# Vantrue n2 pro



## Useless (Nov 1, 2018)

i put a vantrue n2 pro with the gps bracket and a 256 gig card in my car. I drove around for a while and came home to check the video. It seems to be working fine, but on the loop feature it is set for 5 minutes. If I set it to off, will it just record one long video instead of breaking it into 5 minute segments?Are there any advantages to having it set on 1, 3, 5 minutes or turning the feature off? And am I correct in thinking that once the card is full it will keep recording and just write over the old video?


----------



## Pax Collector (Feb 18, 2018)

My experience is if you turn off the loop feature, it'll record until the memory is full and stops recording.
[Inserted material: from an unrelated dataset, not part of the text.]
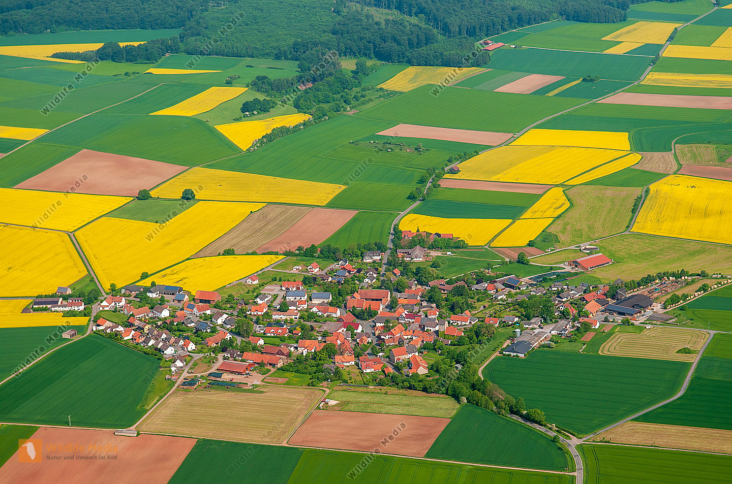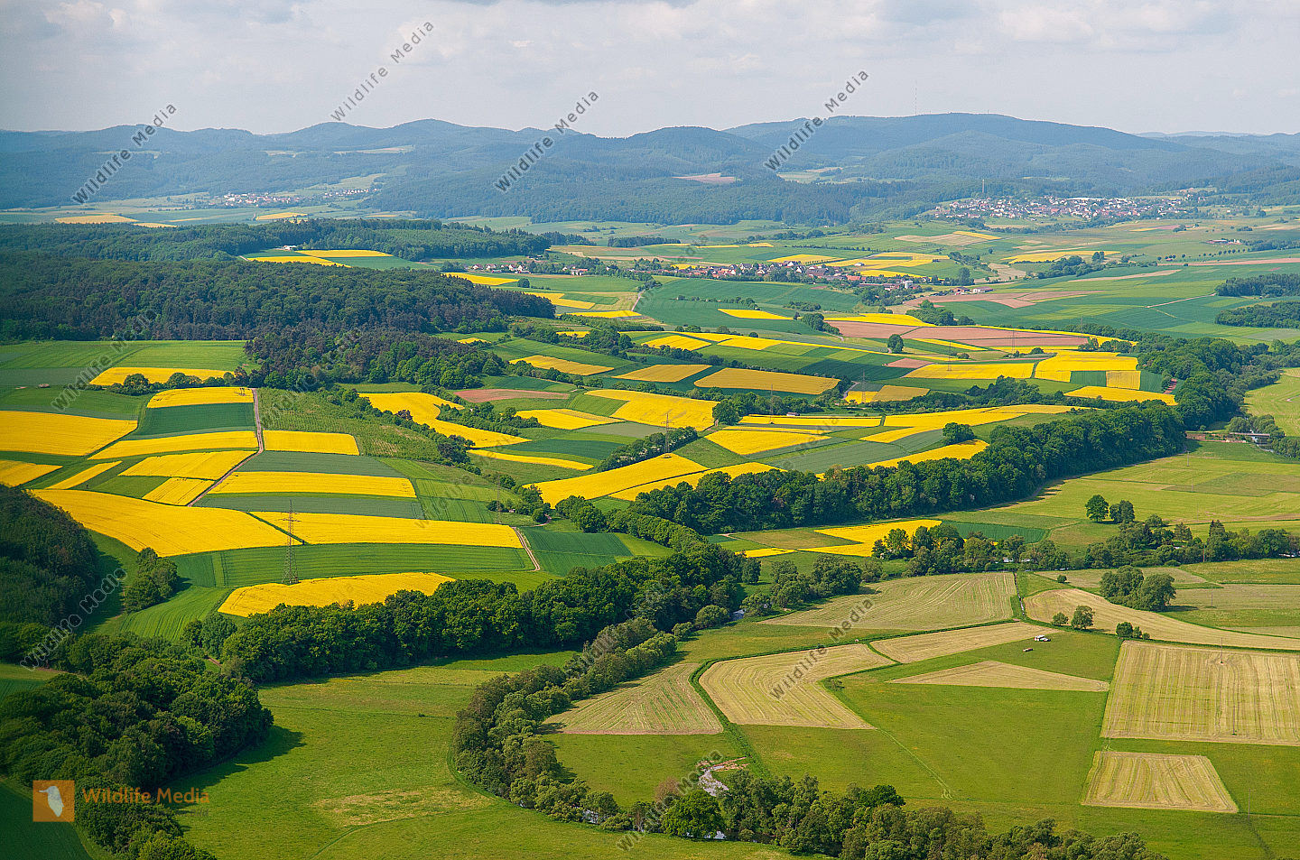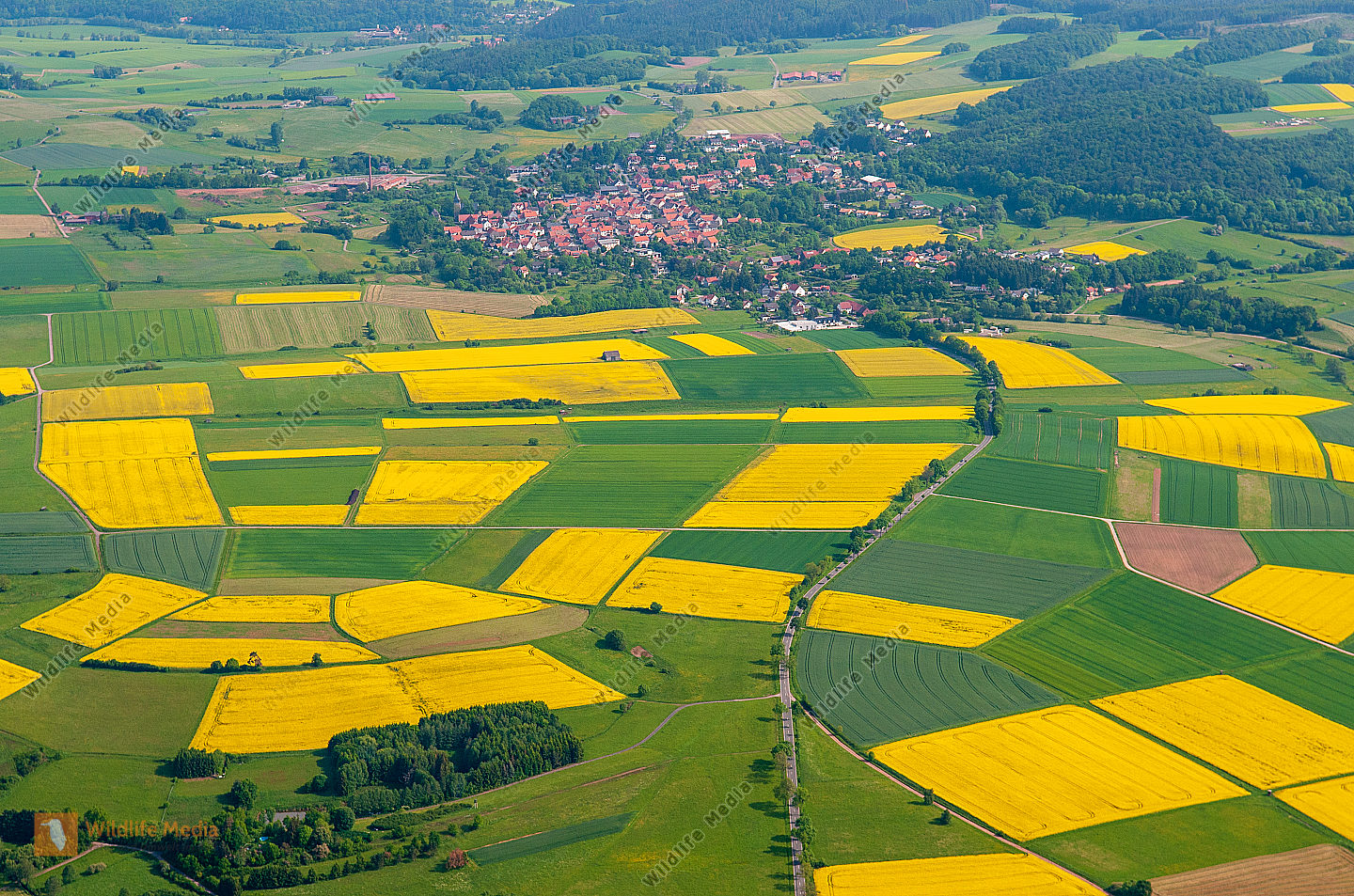Landschaft mit Rapsfeldern Insel Fehmarn Luftaufnahme

Enabling the loop feature is better as it utilizes the storage space more efficiently. 

If you want to stop a video from being re-written, say you had an incident happen and you want to save it, you can press the button with the little hazard symbol on it on the far left side. A tiny red lock will appear on your screen and the footage will be saved.


----------



## FLKeys (Dec 27, 2018)

My dash cam is set to 5 minute loop the advantage on my dash cam is I don't have to worry about memory card management. If there is any questionable incident I can hit a lock button and that 5 minute segment will be locked so it does not automatically get erased. When my card gets full it erases the older unlocked files for new files. Also has a g-shock sensor that locks files. Hit a pot hole and it locks the file.

When I run mine out of loop mode it will record until the card is full and then stops recording. Not sure if your model works the same way.


----------



## dryverjohn (Jun 3, 2018)

Uber and Lyft give you start and stop times for your rides. Why would you want to search 24 hours of video to find the incident. I think 3 or 5 minute intervals make it much easier to find any information you need to review.


----------



## Useless (Nov 1, 2018)

Yeah, that all makes sense. Thanks for the replies.


----------



## RDWRER (May 24, 2018)

Also for reasons that I can’t even fathom some jurisdictions require certain recording intervals for it to be legally considered a “dash cam” in that jurisdiction. In California it must record in 3 minute intervals to legally qualify. This doesn’t necessarily mean you need to set it to this interval, just that it needs to be capable of being set to this interval to be sold as a “dash cam” in California.


----------